• _What to work on_:
Would you please transcribe the listing exactly, with no images?

• _Source data_:
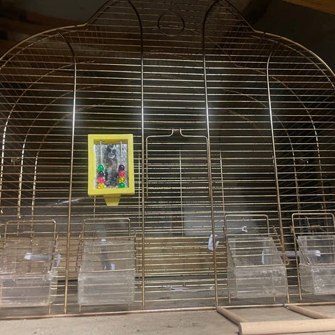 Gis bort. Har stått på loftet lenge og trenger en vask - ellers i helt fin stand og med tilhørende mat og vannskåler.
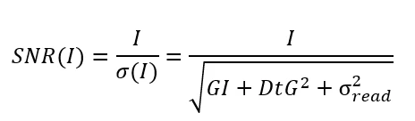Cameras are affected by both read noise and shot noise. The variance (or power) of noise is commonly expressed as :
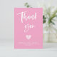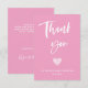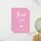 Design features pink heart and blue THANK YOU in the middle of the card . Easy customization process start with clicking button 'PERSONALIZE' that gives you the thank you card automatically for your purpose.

• _Result of this exercise_:
 Gis bort. Har stått på loftet lenge og trenger en vask - ellers i helt fin stand og med tilhørende mat og vannskåler.
Cameras are affected by both read noise and shot noise. The variance (or power) of noise is commonly expressed as :
 Design features pink heart and blue THANK YOU in the middle of the card . Easy customization process start with clicking button 'PERSONALIZE' that gives you the thank you card automatically for your purpose.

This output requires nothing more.